Он — ретроград. Ретроградный христианин. Это не слишком популярная религия, но свои поклонники у нее имеются. Самое смешное, что первая церковь появилась именно здесь, в Стокгольме. Йоэл говорит, шведы никогда не были особенно религиозными — даже в старые времена. А теперь мы умудрились прославиться еще и этим.
Впрочем, ретрограды, наверное, и не молятся. На самом деле, они скорее общественная организация, чем церковь. Просто церковью называться проще.
— Кажется, у нас появилась новая прихожанка, — улыбается Леннарт. — Не знаю. Девочка вроде бы тверда в своем решении, но ей страшно. Ей всего двадцать. Она почти и не жила в реальности. Я еще побеседую с ней и, может быть, отговорю.
Да, ретроградное христианство — наверное, единственная религия, в которой священники отговаривают новых адептов. Но это и правда серьезное решение. Ретрограды не ходят в виртуальность. Более того, они отказываются и от модификаций.

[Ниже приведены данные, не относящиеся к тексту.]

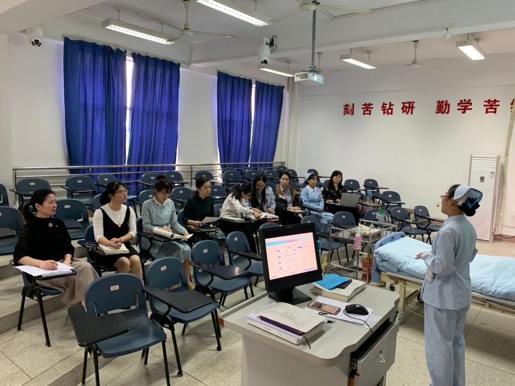 此次活动由贾箐箐老师主讲,贾老师阐述了本次集体备课的四个主要内容:低氧血症的分度、如何调节吸痰负压、吸痰手法及顺序、如何提炼并融入思政元素,并且拓展了经口鼻吸痰的禁忌症和并发症的内容。

Сегодня прохладно, и Леннарт накинул плащ. Из-за этого плаща не сразу заметно, что у священника нет одной руки. Когда-то он работал массажистом, и ему нужны были сильные, никогда не устающие руки. Модификации как раз находились на пике популярности, и каждый второй обзавелся если не жабрами, то хотя бы многократно укрепленными суставами. Леннарт тоже сделал операцию и поставил себе протезы. Он не мог нарадоваться на них добрых лет пять. А потом вдруг почувствовал, что нужен церкви больше.
Понимаете, он и так толком не бывал в виртуальности — зато повидал целую кучу пускающих слюни тел. И если уж кто и тверд в своих убеждениях, что все живое и созданное природой — прекрасно, — то это мой друг Леннарт.
Он снял левую руку в первый же год службы в церкви. Никто не принуждал его — ретрограды вообще мало к чему принуждают, — но Леннарт все равно ее снял. Хочет избавиться и от второй, но пока не решился. Дело не в том, что его вера недостаточно крепка. Просто мой друг еще не готов становиться обузой.
Однажды Леннарт все-таки сделает это, я знаю. В тот день он будет по-настоящему счастлив.
После короткой беседы со священником, в зависимости от дня, я либо продолжаю гулять по Юргордену, либо возвращаюсь на Остермальм. Парк нравится мне больше, и хватает его на целый день, а иногда и до середины ночи; но Остермальм означает, что я увижусь с Йоэлом. Он свободен по средам и пятницам.
В понедельник, вторник и четверг парень ходит на какие-то дополнительные занятия, по выходным — отдыхает в виртуальности. Для меня он может выделить только два дня в неделю. Пару часов после школы. Негусто, но лучше, чем ничего.
Мы встречаемся на площади Карла в три. Скамейка у фонтана. Скамеек и птиц в Стокгольме столько, что хватило бы и на несколько городов побольше — но Йоэл приносит с собой не хлеб, а книги. Настоящие книги — не представляю, где он их берет.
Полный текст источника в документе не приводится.